(Bogle Nights by Andrew J. Müller)
It was a thick, cotton-wool, grey silence that enveloped him. The car had trundled to a halt at the bend in the road. It had been running quite smoothly and then everything had apparently switched off, the electrics, the engine, the lights, even the stereo and clock. He coasted the car to a halt in a lay-by that was probably intended - in sunnier weather - to be parking for sightseers so they could take photos of what was probably a staggering backdrop of Lakeland Fells. Today it was a backdrop of vague shadows in a thick, cold mist which had come down not long after he had left the A66 and turned up onto the mountain road.

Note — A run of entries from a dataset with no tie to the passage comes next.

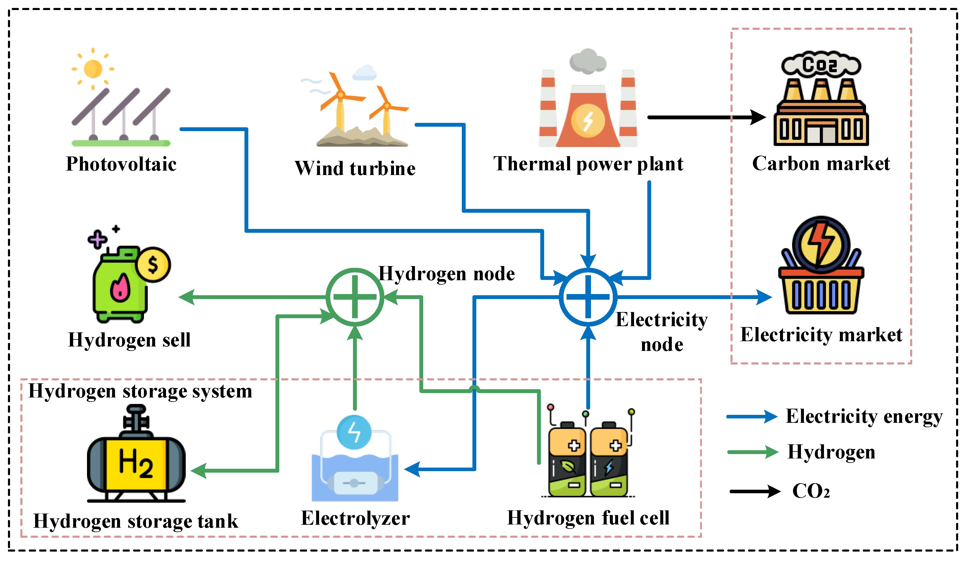 On the one hand, the DG-REB maintains connections with the utility grid, ensuring it can participate in electricity market transactions and enabling the cross-provincial transmission of traded electricity via the grid. On the other hand, the DG-REB can participate in carbon market transactions and generate revenue by controlling carbon emissions from TP. Furthermore, while ensuring a reliable electricity supply, DG-REBs can sell surplus hydrogen generated by EL in the hydrogen market to increase its own revenue.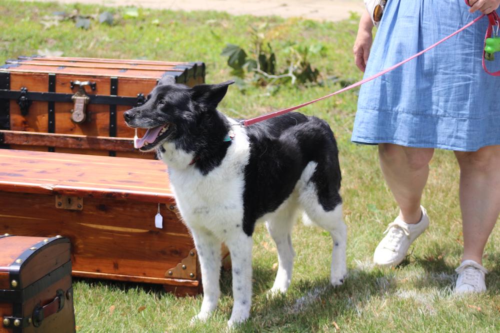 Many people were seen with pets while they perused the items set out on the tables. One of these participants was Denise Demers from Carver and her dog Angus.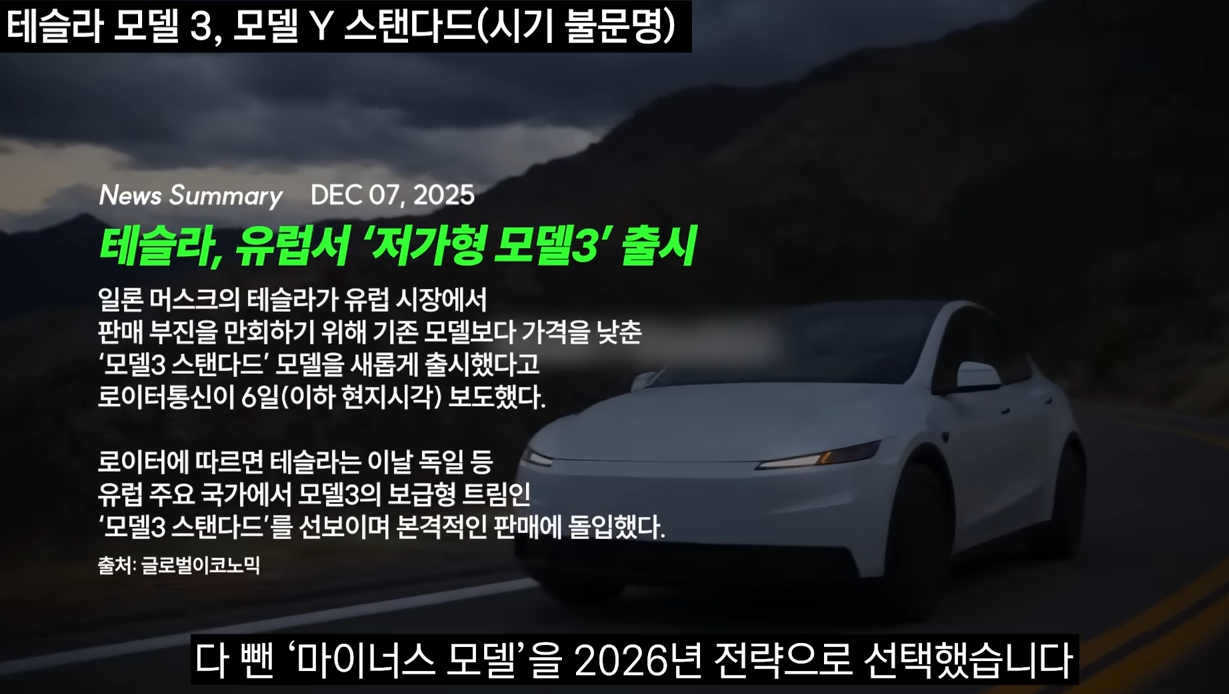 테슬라는 2026년, 모델 2(반값 전기차) 대신 극단적인 두 가지 모델을 선보입니다.

For a moment he sat holding the steering wheel and feeling stupid. Then he snapped out of it, pulled on the handbrake and popped the bonnet of the car. He fished a torch from the glove-compartment and went around to look at the engine. Nothing looked obviously out of place, although he was no expert on cars, presumably something had gone awry somewhere deep in its innards. As he was inspecting the dipstick the light from his torch dimmed, flickered and then went out. A slate-grey coldness wafted across him. The fog seemed to absorb all sound, all light. No sound even came from the ubiquitous sheep, which were surely all around him in the mist. He slammed the bonnet lid down and sat on the car, wrapping his arms around himself and looking up and down the road. In the direction he had come from it went around a corner and then disappeared, he knew, into a deep river valley. It was at least five miles in that direction until you got to anything like civilization. So it would have to be forward. It was an awfully long way to Ambleside or Keswick he knew, but perhaps there was some small village tucked in one of these folds of land.
He retrieved his coat and a jumper from the boot and put them on. Then he started to trudge away from the car. In a matter of moments he had walked far enough so that when he turned he couldn't see it. He walked on for some while, fog in front of him, fog behind and nothing but a few metres of road in front and rocks to either side visible in any direction. Then there was a bright light from behind him.
He turned and saw the two distinctive glows of headlights approaching him from behind. Then through the thick mist the sound of an engine emerged. Relief flooded through him. He would be okay!
But as the car became visible through the fog his relief turned to concern and then fear. It was his car that was trundling towards him, swathed in a yellow glow from the halogen lamps through the thick cloud. He could see no one driving, in fact, the interior of the car was conspicuously dark.
The car was gaining speed. Then above the sounds of the cars engine he thought he could hear child-like giggling, light and tinkling but somehow sinister. The car was still gaining speed, it had started at a walking pace and was now hurtling towards him. He turned and started to run, irrationality pushing adrenalin around his blood stream. He rounded a sharp bend and saw the road twist away to the right, surely the car couldn't keep up that sort of speed on this road. He ran to where the road turned right and looked back. The car hurtled around the corner, and headed straight for him.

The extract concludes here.